▶ _What you are asked to do_
Return only the lines below starting at the line containing "タンクトップ 接触冷感 吸水速乾/kauliina(アンジェ楽天店)" and ending at the line containing "lâmina. Medindo: 7x45x9", both included, exactly as they are and with no pictures.

::: Recorded information

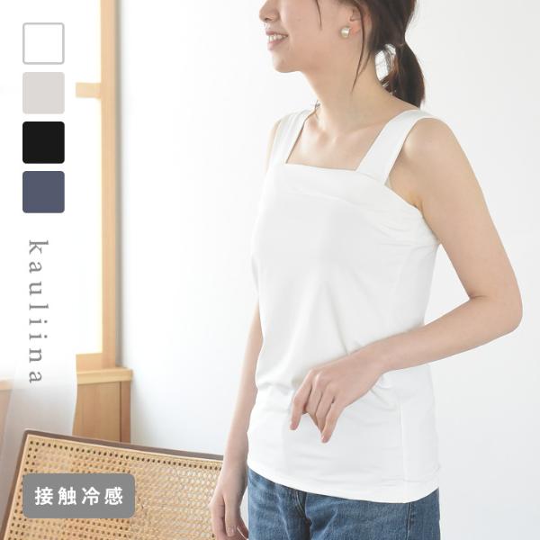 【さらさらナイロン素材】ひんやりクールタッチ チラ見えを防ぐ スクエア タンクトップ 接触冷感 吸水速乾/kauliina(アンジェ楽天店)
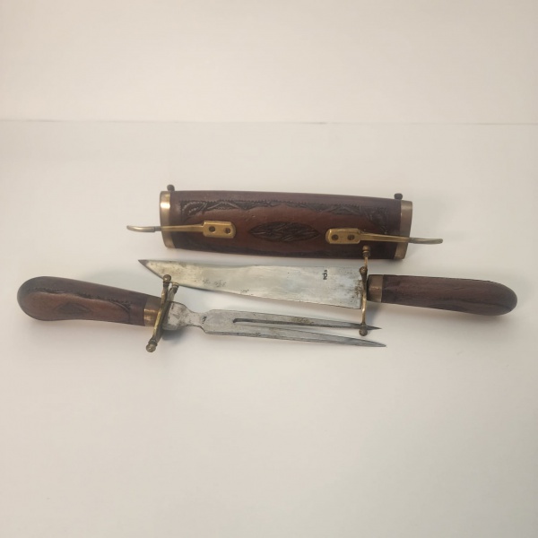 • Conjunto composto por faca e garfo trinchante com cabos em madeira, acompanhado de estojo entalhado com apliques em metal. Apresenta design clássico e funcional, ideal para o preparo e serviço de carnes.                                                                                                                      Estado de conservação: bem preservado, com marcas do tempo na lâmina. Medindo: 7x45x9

::::::
::: Recorded information

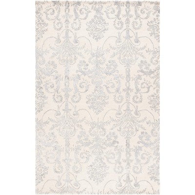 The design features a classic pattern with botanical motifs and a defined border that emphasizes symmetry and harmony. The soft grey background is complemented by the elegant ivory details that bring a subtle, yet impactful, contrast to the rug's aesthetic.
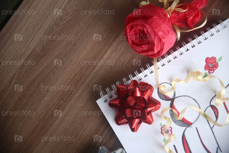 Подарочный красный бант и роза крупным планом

::::::

▶ _Exercise output_
 【さらさらナイロン素材】ひんやりクールタッチ チラ見えを防ぐ スクエア タンクトップ 接触冷感 吸水速乾/kauliina(アンジェ楽天店)
 • Conjunto composto por faca e garfo trinchante com cabos em madeira, acompanhado de estojo entalhado com apliques em metal. Apresenta design clássico e funcional, ideal para o preparo e serviço de carnes.                                                                                                                      Estado de conservação: bem preservado, com marcas do tempo na lâmina. Medindo: 7x45x9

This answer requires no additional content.